CALL FOR: New attributes on StorageManager.
Called by: Michiel Meeuwissen Total tally on this call : +6
START OF VOTING: 2005-01-31 21:30 END OF CALL: 2005-02-03 21:30
YEA (6) : Kees Jongenburger, Pierre van Rooden, Rico Jansen, Rob Vermeulen, Daniel Ockeloen, Marcel Maatkamp
ABSTAIN (1) : Rob van Maris
NAY (0) :
VETO (0) :
No votes, assumed abstained (8): Eduard Witteveen, Jaco de Groot, Andre van Toly, Johannes Verelst, Nico Klasens, Gerard van Enk, Mark Huijser, Ernst Bunders
Result: call succeeded, The changes can be added.
Michiel Meeuwissen wrote:
CALL FOR: New attributes on StorageManager.

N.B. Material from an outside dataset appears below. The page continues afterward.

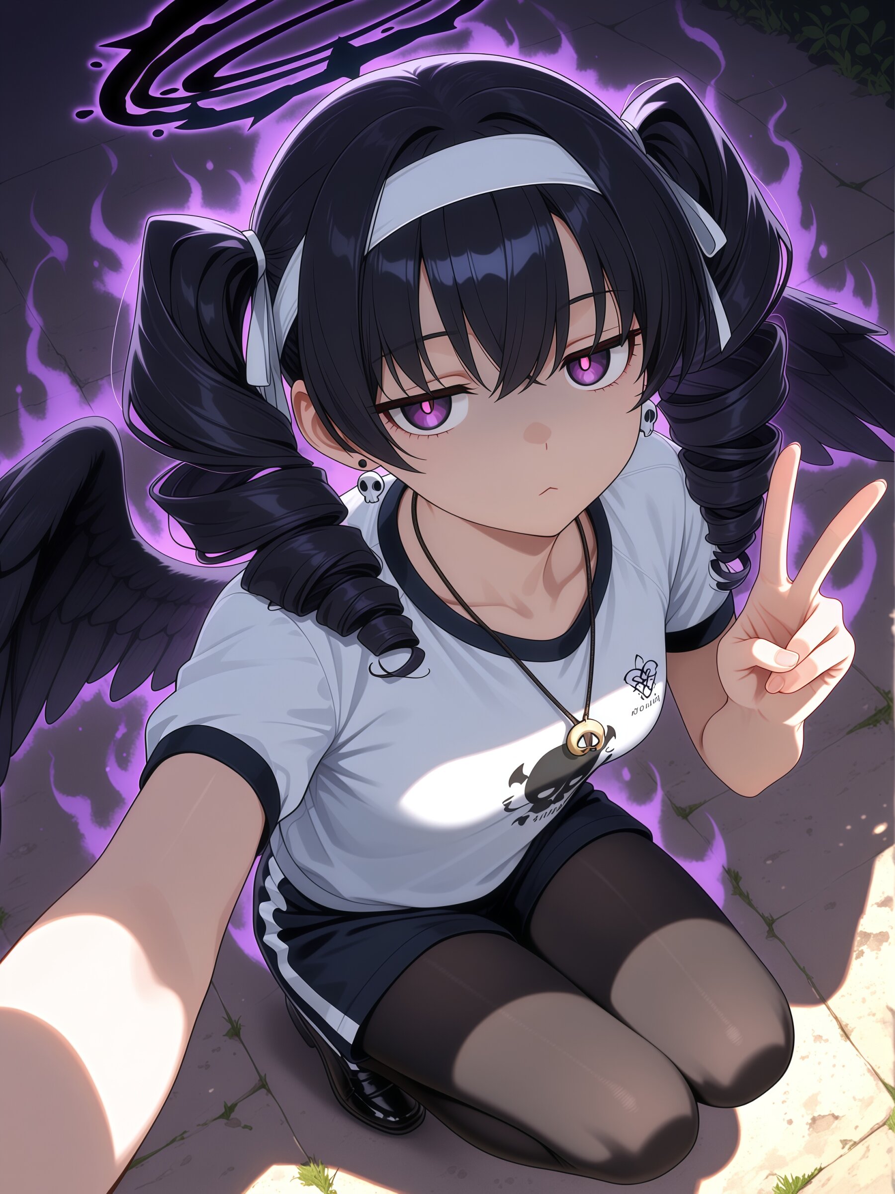 (masterpiece, best quality, ultra-detailed, 8k illustration, anime style, natural lighting), 1girl, squatting with legs together, (in the shade:1.2), selfie, (peace sign:1.4), high-angle view from above, casual and relaxed mood, gentle smile, soft sunlight filtering through trees, earthy ground, outdoor schoolyard background, realistic shadows, black hair, (twin drills:1.4), bangs, purple eyes, jitome, (expressionless:1.2), :<, (black wings folded behind:1.1), wearing skull motif accessories (necklace, earrings),(dark aura, black smoky haze floating subtly around her:1.3), black halo, small breasts, white hachimaki headband, gym uniform, white short-sleeve t-shirt, black shorts, black tights, black shoes, natural body proportions, soft breeze moving hair strands, shaded face, shadow covering the upper half of her face,

Follows a long story, I'll add an abstract near the end.
I want to add a few new attributes to StorageManager and one to DatabaseStorageManager.
I'll first eplain why we need it, then what I propose.
It has to do with bug #6569 : Taglibs Using wrong character encoding for post data, and the situation at VPRO.
The VPRO used to use editors which are encoded according to ISO-8859-1. Their database (informix) is also ISO-8859-1. A bit unexpectedly though, the characters specific to CP-1252 did work too. This was possible because the java string were wrong after a post on a ISO-8859-1 page, on which CP1252 was posted (most noticiable LEFT and RIGHT SINGLE QUOTATION MARK, which are often produced by copy-pasting from MS-Word). So, after such a post, the bytes were wrongly supposed to be ISO-8859-1, because they are actually CP1252. Fixing that is a bugfix, because taglib should of course always do the correct thing, even if that is not entirely logical.
After that fix, though, the String become 'correct', and you will see, that it appears to actually work worse, because now, you will not be able to store the CP1252 characters any more in the ISO-8859-1 database (which makes sense). Further-more, such correct strings display worse on a ISO-8859-1 page, because java will not produce CP1252 if you request ISO-8859-1 (which makes sense too). If you request ISO-8859-1 for a 'wrong' string, java produces CP-1252 - which can be considered a lucky coincidence - which is then displayed as intended by most browsers (which is sensible, because the cp-1252 specific characters only occupy non-character positions in ISO-8859-1).
That the situation with 'wrong' strings is not desirable is showed by
the fact that you cannot actually use a UTF-8 page then, because then of
course the 'wrong' characters will only produce gargage, and you are
limited to the actual ISO-8859-1 characters, then.
I hope the above does more or less cleary represent the problem. I produced much longer mails and discussion at the VPRO about the issue, which I think mainly proves that it simply _is_ difficult...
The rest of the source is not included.